## WHAT TO PRODUCE:
For the records that follow, restate each one word for word and leave the images behind.

## DATA:
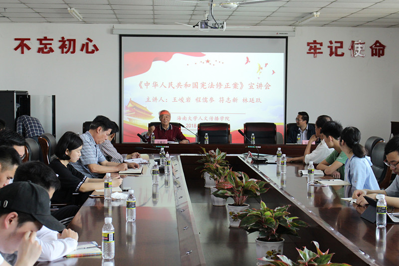 2018年3月27日下午,人文传播学院党委在海甸校区社科楼人文传播学院党员之家(B719会议室)举行《中华人民共和国宪法修正案》宣讲交流会。本次宣讲交流会邀请到法学院原院长王峻岩教授、学校特邀党建组织员程儒参、林廷玖、符志新等作为宣讲嘉宾,为灵犀直播
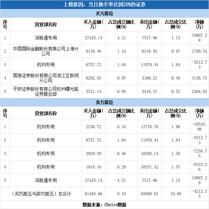多主力现身龙虎榜,通宇通讯换手率达44.72%(12-29)
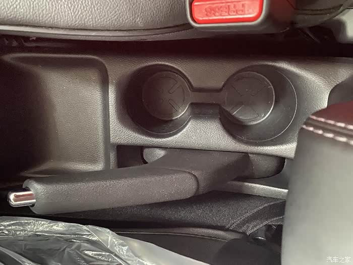 手刹的位置带有杯架,设计得非常棒。
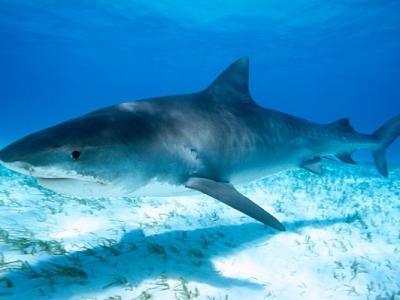 菲律宾渔民捕获巨型虎鲨,剖腹后骇然发现肚内竟有一个人头。图为一条虎鲨。 (神...
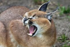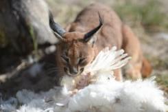 Adult African caracals are solitary by nature, occasionally pairing up as mates. They are nocturnal, hunting birds, reptiles and small to medium sized antelope. They are known for their ability to catch birds by leaping up to six feet into the air from a stationary position. They kill smaller animals with a hard bite to the neck. Larger animals are dispatched not only with the bite to the neck, but also by raking the prey with claws. African caracals usually consume their prey in one meal. They have been known to cover the remains if the carcass is too big. Sometimes they will stash the remains in a tree. African caracals can survive without water for a long time. They get their liquid from the body fluids of their prey.
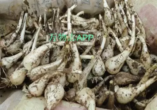 鳞茎数枚聚生,狭卵状, 藠头 粗(0.5-)1-1.5(-2)厘米;鳞茎外皮白色或带红色,膜质,不破裂。
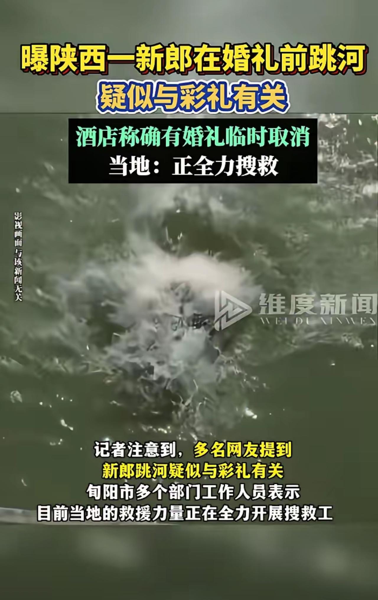 29岁新郎婚礼当天跳河:2万下车费压垮他,可婚姻哪能比命金贵? 真的太揪心了!29岁新郎从婚礼酒店跑向旬河大桥,没半点犹豫就跳进6米深的汉江——就因为婚车上的新娘临时要2万下车费,不给就不下车。 谁能想到这2万成了压垮他的最后一根稻草?家里早就在西安备了婚房,还掏了20万彩礼,杂七杂八的开销早把普通家庭逼到了墙角。他急着给朋友打电话借钱,可没借到,又不想再逼年迈的父母,竟一头扎进了死胡同。 死都不怕,为啥就不能选退一步?这婚大不了不结,彩礼能要回,日子总能慢慢过。可他这一跳,留下的只有父母后半辈子的眼泪。你们说,要是当时他能多想想"命比婚姻重要",会不会就有不一样的结局?
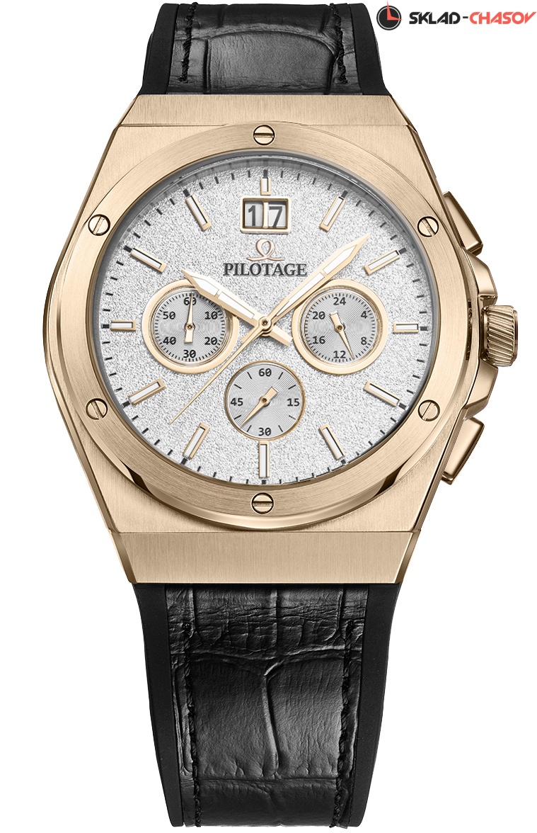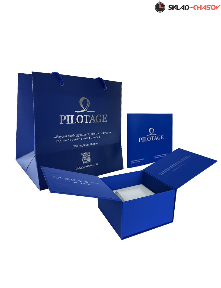 Кварцевый механизм TMI оснащен функциями минутного и секундного накопителя, индикатором времени в 24-часовом формате, вынесенной секундной стрелкой и большой датой. Все дополнительные индикаторы хорошо читаются на белом циферблате модели. Центральные стрелки и накладные риски покрыты светящимся в темноте люминесцентным составом. Необычная текстура циферблата напоминает шероховатость взлетной полосы — создатели хронографа Pilotage вдохновлялись полетами и всем, что с ними связано. Так, логотип бренда, в котором без труда можно узнать рисунок фигуры высшего пилотажа под названием «мертвая петля», украшает циферблат модели в виде полированного накладного элемента, заводную головку, застежку и заднюю крышку в виде гравировки. На завинчивающейся задней крышке, помимо логотипа, вы увидите изображение летящего в облаках самолета, надпись под которым - “Let’s fly!” - можно перевести как некий призыв: «Полетели!». Он отражает восхищение создателей бренда летчиками - покорителями небесной высоты. Рельеф на заводной головке напоминает по форме лопасти самолетной турбины. В часах установлено сапфировое стекло, структура которого позволяет ему противостоять появлению микроцарапин. Водостойкость равна 10 атмосфер. Ремешок в часах необычный, он состоит из двух слоев, первый из которых сделан из натуральной кожи, а второй, внутренний, из силикона. Ремешок, таким образом, не боится повышенной влажности, благодаря свойствам силикона и нанесенному на него рельефу. Застежка-клипса оснащена двумя боковыми кнопками и дополнительной защитой от случайного расстегивания. Часы Turbine Chrono - эффектный аксессуар, собранный из материалов высокого качества. Он будет радовать своего владельца долгие годы, сохраняя внешний вид и функциональность. Хронограф хорошо дополняет как деловой образ, так и вещи в более расслабленном, повседневном стиле.

## TASK SOLUTION:
 2018年3月27日下午,人文传播学院党委在海甸校区社科楼人文传播学院党员之家(B719会议室)举行《中华人民共和国宪法修正案》宣讲交流会。本次宣讲交流会邀请到法学院原院长王峻岩教授、学校特邀党建组织员程儒参、林廷玖、符志新等作为宣讲嘉宾,为灵犀直播
多主力现身龙虎榜,通宇通讯换手率达44.72%(12-29)
 手刹的位置带有杯架,设计得非常棒。
 菲律宾渔民捕获巨型虎鲨,剖腹后骇然发现肚内竟有一个人头。图为一条虎鲨。 (神...
 Adult African caracals are solitary by nature, occasionally pairing up as mates. They are nocturnal, hunting birds, reptiles and small to medium sized antelope. They are known for their ability to catch birds by leaping up to six feet into the air from a stationary position. They kill smaller animals with a hard bite to the neck. Larger animals are dispatched not only with the bite to the neck, but also by raking the prey with claws. African caracals usually consume their prey in one meal. They have been known to cover the remains if the carcass is too big. Sometimes they will stash the remains in a tree. African caracals can survive without water for a long time. They get their liquid from the body fluids of their prey.
 鳞茎数枚聚生,狭卵状, 藠头 粗(0.5-)1-1.5(-2)厘米;鳞茎外皮白色或带红色,膜质,不破裂。
 29岁新郎婚礼当天跳河:2万下车费压垮他,可婚姻哪能比命金贵? 真的太揪心了!29岁新郎从婚礼酒店跑向旬河大桥,没半点犹豫就跳进6米深的汉江——就因为婚车上的新娘临时要2万下车费,不给就不下车。 谁能想到这2万成了压垮他的最后一根稻草?家里早就在西安备了婚房,还掏了20万彩礼,杂七杂八的开销早把普通家庭逼到了墙角。他急着给朋友打电话借钱,可没借到,又不想再逼年迈的父母,竟一头扎进了死胡同。 死都不怕,为啥就不能选退一步?这婚大不了不结,彩礼能要回,日子总能慢慢过。可他这一跳,留下的只有父母后半辈子的眼泪。你们说,要是当时他能多想想"命比婚姻重要",会不会就有不一样的结局?
 Кварцевый механизм TMI оснащен функциями минутного и секундного накопителя, индикатором времени в 24-часовом формате, вынесенной секундной стрелкой и большой датой. Все дополнительные индикаторы хорошо читаются на белом циферблате модели. Центральные стрелки и накладные риски покрыты светящимся в темноте люминесцентным составом. Необычная текстура циферблата напоминает шероховатость взлетной полосы — создатели хронографа Pilotage вдохновлялись полетами и всем, что с ними связано. Так, логотип бренда, в котором без труда можно узнать рисунок фигуры высшего пилотажа под названием «мертвая петля», украшает циферблат модели в виде полированного накладного элемента, заводную головку, застежку и заднюю крышку в виде гравировки. На завинчивающейся задней крышке, помимо логотипа, вы увидите изображение летящего в облаках самолета, надпись под которым - “Let’s fly!” - можно перевести как некий призыв: «Полетели!». Он отражает восхищение создателей бренда летчиками - покорителями небесной высоты. Рельеф на заводной головке напоминает по форме лопасти самолетной турбины. В часах установлено сапфировое стекло, структура которого позволяет ему противостоять появлению микроцарапин. Водостойкость равна 10 атмосфер. Ремешок в часах необычный, он состоит из двух слоев, первый из которых сделан из натуральной кожи, а второй, внутренний, из силикона. Ремешок, таким образом, не боится повышенной влажности, благодаря свойствам силикона и нанесенному на него рельефу. Застежка-клипса оснащена двумя боковыми кнопками и дополнительной защитой от случайного расстегивания. Часы Turbine Chrono - эффектный аксессуар, собранный из материалов высокого качества. Он будет радовать своего владельца долгие годы, сохраняя внешний вид и функциональность. Хронограф хорошо дополняет как деловой образ, так и вещи в более расслабленном, повседневном стиле.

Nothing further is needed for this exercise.